## What you are asked to do
Going through the material below, output exactly the lines from the one containing "11月3日-4日,十一届全国" through the one containing "JILL by JILL", and no pictures.

## Data supplied
::::
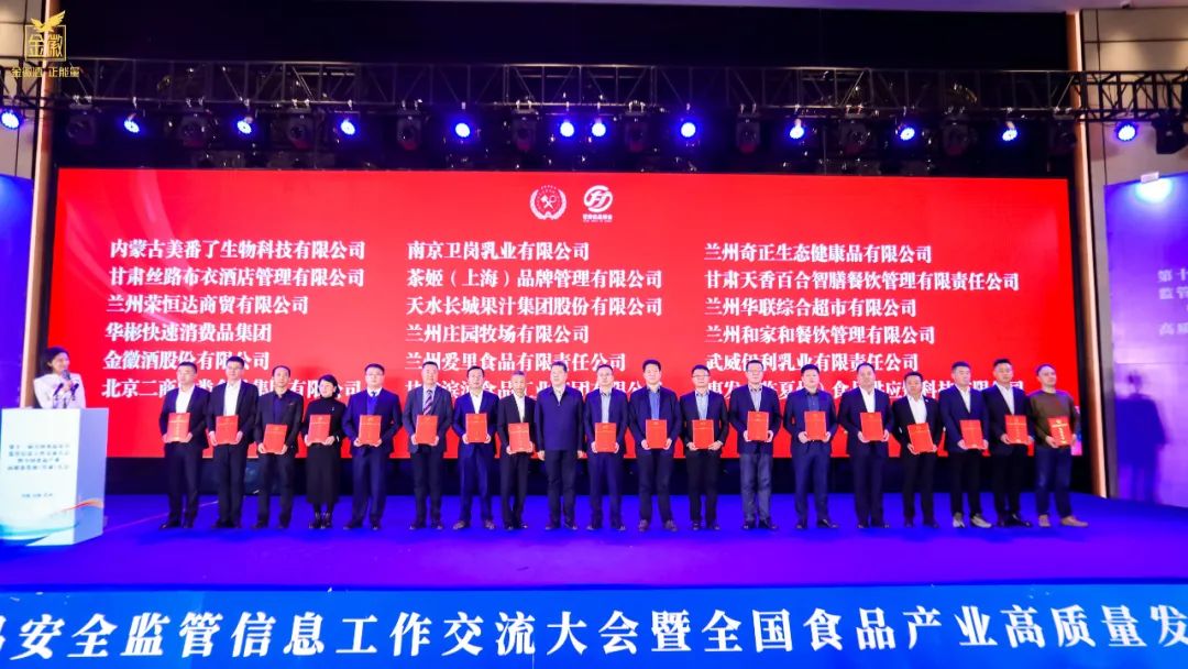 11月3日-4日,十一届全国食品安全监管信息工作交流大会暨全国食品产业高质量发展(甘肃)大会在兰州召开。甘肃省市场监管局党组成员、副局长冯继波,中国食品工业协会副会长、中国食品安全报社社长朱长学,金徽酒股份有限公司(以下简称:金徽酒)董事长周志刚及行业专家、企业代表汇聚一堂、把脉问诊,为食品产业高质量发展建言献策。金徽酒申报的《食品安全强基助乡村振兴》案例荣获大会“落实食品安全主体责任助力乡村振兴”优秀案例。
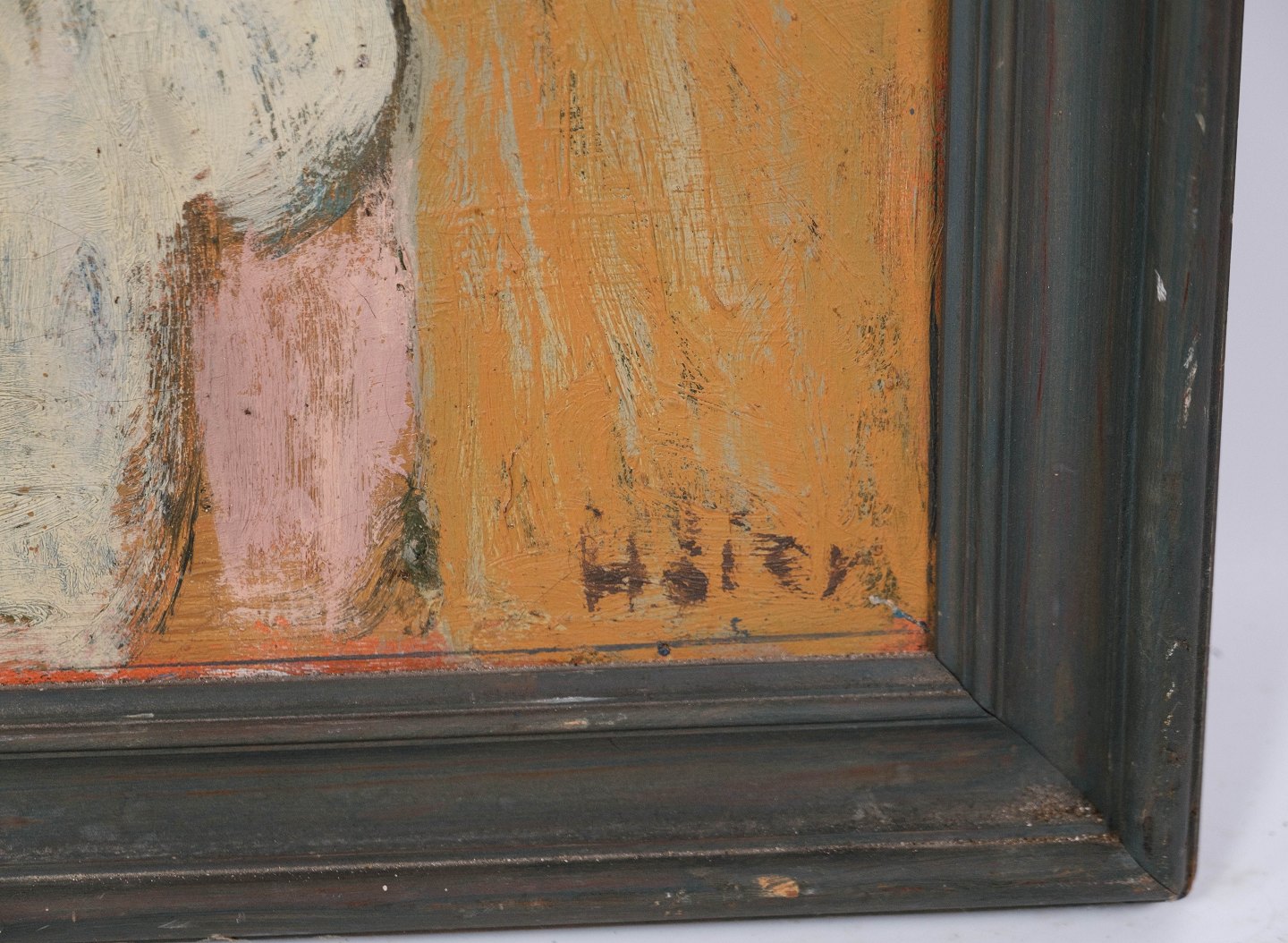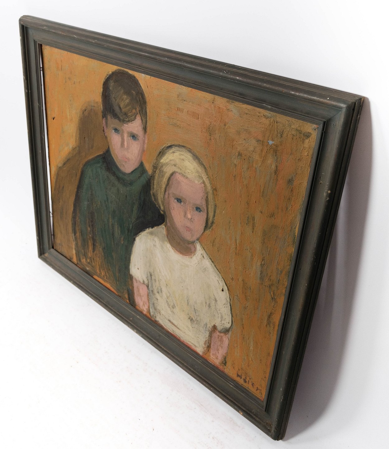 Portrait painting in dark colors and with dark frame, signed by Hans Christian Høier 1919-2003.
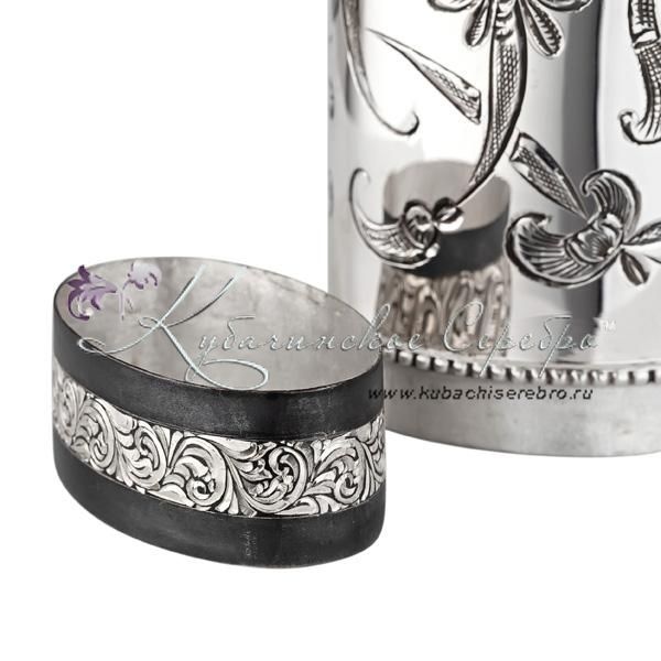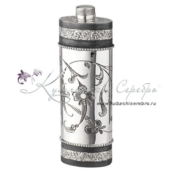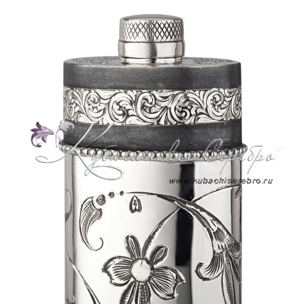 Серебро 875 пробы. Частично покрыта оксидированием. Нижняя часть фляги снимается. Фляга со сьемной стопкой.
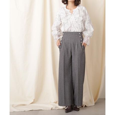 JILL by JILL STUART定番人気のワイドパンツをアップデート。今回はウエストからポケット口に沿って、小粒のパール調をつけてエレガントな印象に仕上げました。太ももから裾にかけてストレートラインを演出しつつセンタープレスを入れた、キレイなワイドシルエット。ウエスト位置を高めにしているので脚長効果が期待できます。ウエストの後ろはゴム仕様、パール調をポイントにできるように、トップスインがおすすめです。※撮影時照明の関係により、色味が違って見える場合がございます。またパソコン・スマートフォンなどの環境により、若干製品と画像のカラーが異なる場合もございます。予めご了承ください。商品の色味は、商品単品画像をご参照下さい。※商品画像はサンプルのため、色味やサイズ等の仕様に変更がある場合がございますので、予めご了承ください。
::::
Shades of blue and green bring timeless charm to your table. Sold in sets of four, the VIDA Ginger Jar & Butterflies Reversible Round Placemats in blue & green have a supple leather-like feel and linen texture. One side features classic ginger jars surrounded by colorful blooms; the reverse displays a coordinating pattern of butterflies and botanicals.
::::
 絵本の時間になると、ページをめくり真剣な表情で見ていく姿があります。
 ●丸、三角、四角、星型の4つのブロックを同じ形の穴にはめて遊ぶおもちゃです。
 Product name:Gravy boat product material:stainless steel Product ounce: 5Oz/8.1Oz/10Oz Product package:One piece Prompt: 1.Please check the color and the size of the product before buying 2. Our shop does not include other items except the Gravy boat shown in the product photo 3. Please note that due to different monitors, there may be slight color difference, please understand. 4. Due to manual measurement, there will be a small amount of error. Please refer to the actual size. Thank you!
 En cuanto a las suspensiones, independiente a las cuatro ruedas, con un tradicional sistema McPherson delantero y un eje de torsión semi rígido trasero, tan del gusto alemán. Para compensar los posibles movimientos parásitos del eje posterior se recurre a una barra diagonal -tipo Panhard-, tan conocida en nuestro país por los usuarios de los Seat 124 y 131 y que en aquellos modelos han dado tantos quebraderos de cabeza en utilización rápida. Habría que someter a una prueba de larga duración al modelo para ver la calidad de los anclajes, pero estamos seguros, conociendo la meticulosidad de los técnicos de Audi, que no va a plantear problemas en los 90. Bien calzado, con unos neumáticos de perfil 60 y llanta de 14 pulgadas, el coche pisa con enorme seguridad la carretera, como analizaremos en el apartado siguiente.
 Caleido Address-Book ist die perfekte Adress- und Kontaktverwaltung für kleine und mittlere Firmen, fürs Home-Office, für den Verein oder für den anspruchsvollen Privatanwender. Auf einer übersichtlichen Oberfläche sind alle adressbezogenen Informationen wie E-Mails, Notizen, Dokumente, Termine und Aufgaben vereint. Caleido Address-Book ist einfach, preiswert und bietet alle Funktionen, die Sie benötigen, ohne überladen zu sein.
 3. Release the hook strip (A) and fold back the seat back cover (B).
::::
## Finished task
 11月3日-4日,十一届全国食品安全监管信息工作交流大会暨全国食品产业高质量发展(甘肃)大会在兰州召开。甘肃省市场监管局党组成员、副局长冯继波,中国食品工业协会副会长、中国食品安全报社社长朱长学,金徽酒股份有限公司(以下简称:金徽酒)董事长周志刚及行业专家、企业代表汇聚一堂、把脉问诊,为食品产业高质量发展建言献策。金徽酒申报的《食品安全强基助乡村振兴》案例荣获大会“落实食品安全主体责任助力乡村振兴”优秀案例。
 Portrait painting in dark colors and with dark frame, signed by Hans Christian Høier 1919-2003.
 Серебро 875 пробы. Частично покрыта оксидированием. Нижняя часть фляги снимается. Фляга со сьемной стопкой.
 JILL by JILL STUART定番人気のワイドパンツをアップデート。今回はウエストからポケット口に沿って、小粒のパール調をつけてエレガントな印象に仕上げました。太ももから裾にかけてストレートラインを演出しつつセンタープレスを入れた、キレイなワイドシルエット。ウエスト位置を高めにしているので脚長効果が期待できます。ウエストの後ろはゴム仕様、パール調をポイントにできるように、トップスインがおすすめです。※撮影時照明の関係により、色味が違って見える場合がございます。またパソコン・スマートフォンなどの環境により、若干製品と画像のカラーが異なる場合もございます。予めご了承ください。商品の色味は、商品単品画像をご参照下さい。※商品画像はサンプルのため、色味やサイズ等の仕様に変更がある場合がございますので、予めご了承ください。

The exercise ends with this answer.